AVAILABLE DATA
=== Section Start ===

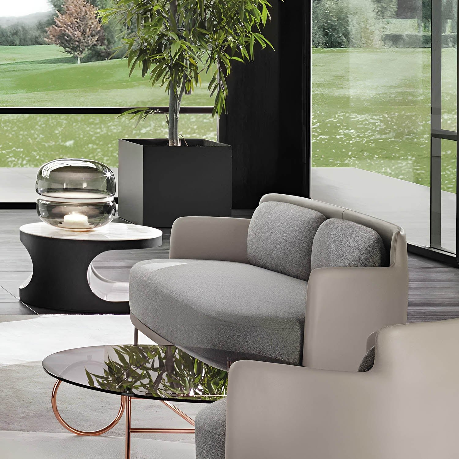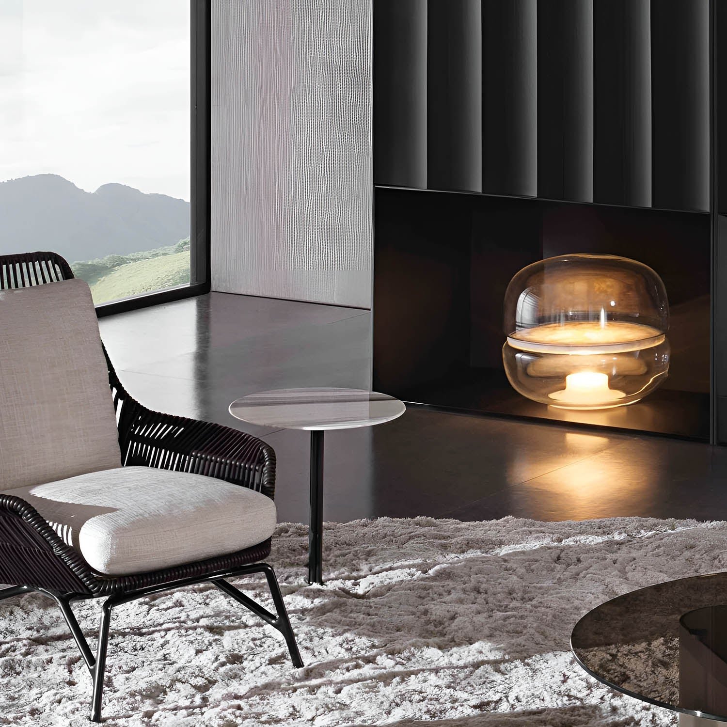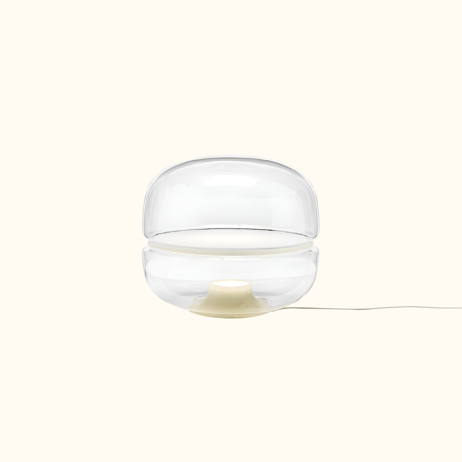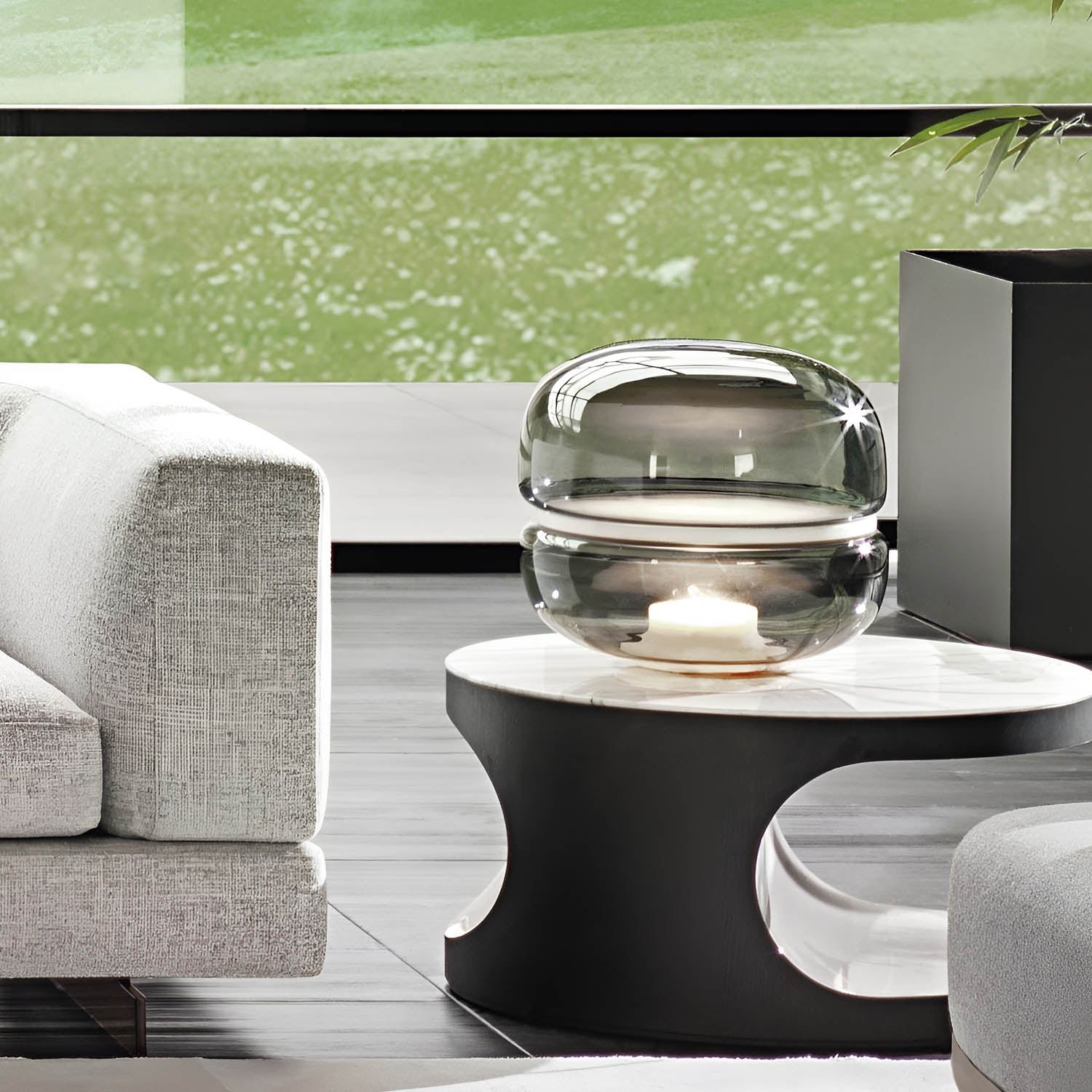 The Macaron table lamp pays homage to the beauty and complex structure of crystalline stone. The stone is enclosed within two symmetrical, hand-blown glass domes, resembling a moonscape floating in its own universe. The light source shines upward from the onyx base, enhancing the intricate chalcedony veins in the central onyx plate and creating a delicate and mesmerizing lighting effect. The design concept is based on the principle of illuminating stone, and the name comes from its resemblance in shape to the famous French meringue confection, the macaron. Natural imperfections in the glass and the diversity of stone structures make each lamp a unique original. The purity of natural materials, combined with the artisans’ exquisite craftsmanship, has resulted in a lamp with extraordinary ambiance. Produced using traditional techniques, Macaron embodies the distinctive and enduring aesthetic of the BROKIS brand. Macaron comes in three sizes—the largest of which also serves as an attractive floor lamp—and offers several glass color options with either white or honey onyx. Additionally, the collection includes an alternate version featuring a central plate made of BROKISGLASS combined with a wooden base.
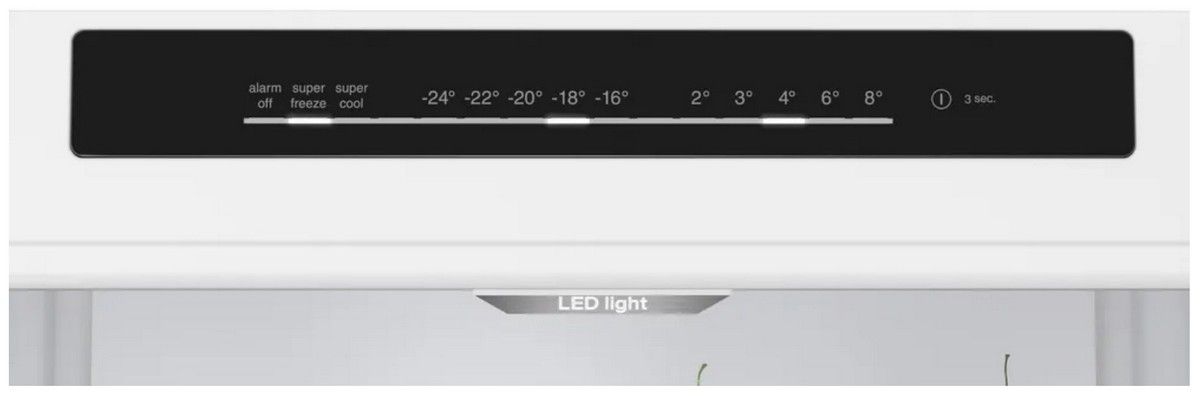 - Druh ovládacích a signalizačních prvků: spínač super mrazení, spínač super chlazení, ukazat. teploty mraz. prostoru, ukazat. teploty chlad. prostoru, upozornění při poruše v mraz. oddílu, upozornění při poruše spotřebiče, upozornění v případě, že dveře jsou otevřené
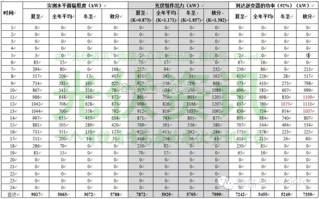 从上表可以看出,虽然夏至日的太阳能资源最好,但由于支架倾角的原因,秋分日光伏组件出力最好。
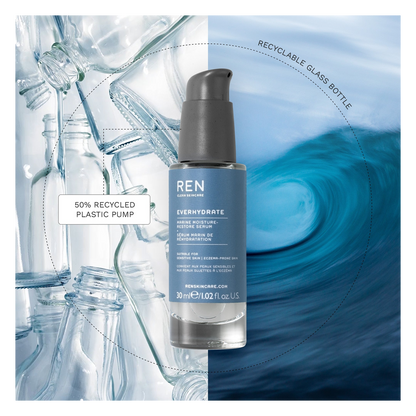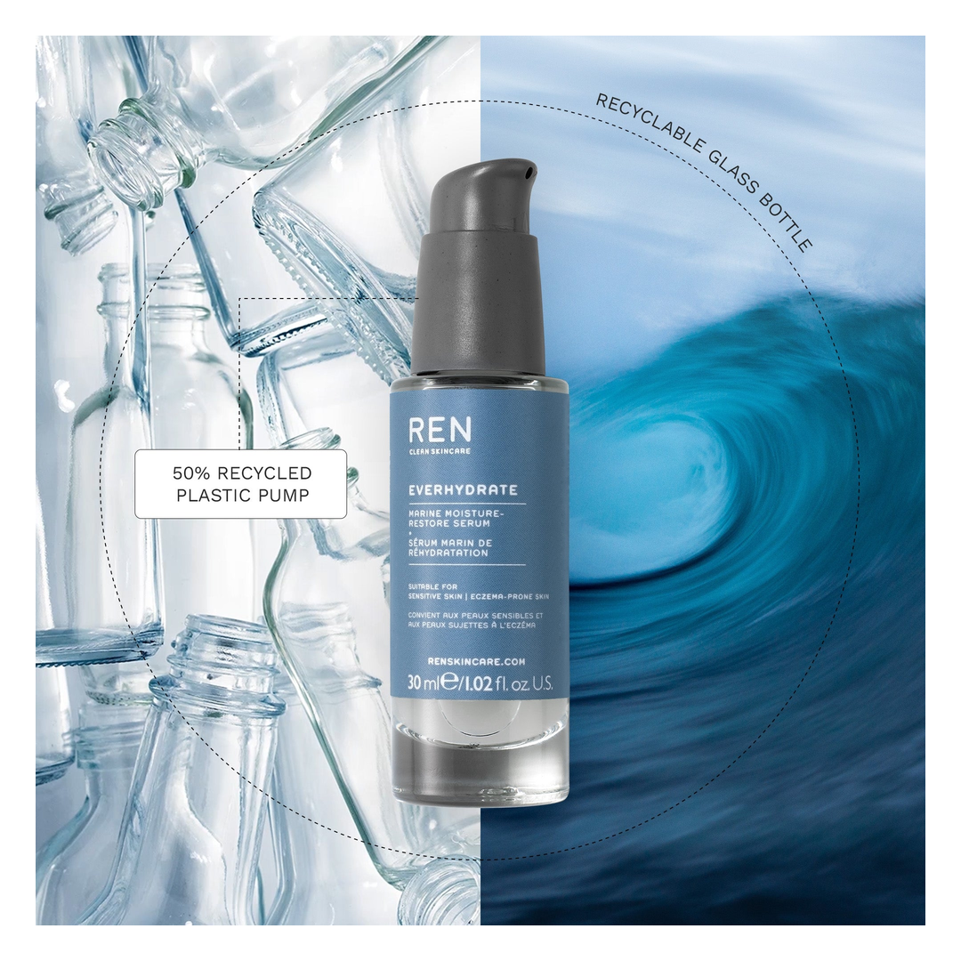 - REN prioritises sustainable packaging and offers this serum in a recyclable glass bottle with a twist lock pump made from 50% recycled plastic.

=== Section End ===

TASK PROMPT
Transcribe each line of the material above verbatim, but do not include the images.

RESULT OF THE TASK
 The Macaron table lamp pays homage to the beauty and complex structure of crystalline stone. The stone is enclosed within two symmetrical, hand-blown glass domes, resembling a moonscape floating in its own universe. The light source shines upward from the onyx base, enhancing the intricate chalcedony veins in the central onyx plate and creating a delicate and mesmerizing lighting effect. The design concept is based on the principle of illuminating stone, and the name comes from its resemblance in shape to the famous French meringue confection, the macaron. Natural imperfections in the glass and the diversity of stone structures make each lamp a unique original. The purity of natural materials, combined with the artisans’ exquisite craftsmanship, has resulted in a lamp with extraordinary ambiance. Produced using traditional techniques, Macaron embodies the distinctive and enduring aesthetic of the BROKIS brand. Macaron comes in three sizes—the largest of which also serves as an attractive floor lamp—and offers several glass color options with either white or honey onyx. Additionally, the collection includes an alternate version featuring a central plate made of BROKISGLASS combined with a wooden base.
 - Druh ovládacích a signalizačních prvků: spínač super mrazení, spínač super chlazení, ukazat. teploty mraz. prostoru, ukazat. teploty chlad. prostoru, upozornění při poruše v mraz. oddílu, upozornění při poruše spotřebiče, upozornění v případě, že dveře jsou otevřené
 从上表可以看出,虽然夏至日的太阳能资源最好,但由于支架倾角的原因,秋分日光伏组件出力最好。
 - REN prioritises sustainable packaging and offers this serum in a recyclable glass bottle with a twist lock pump made from 50% recycled plastic.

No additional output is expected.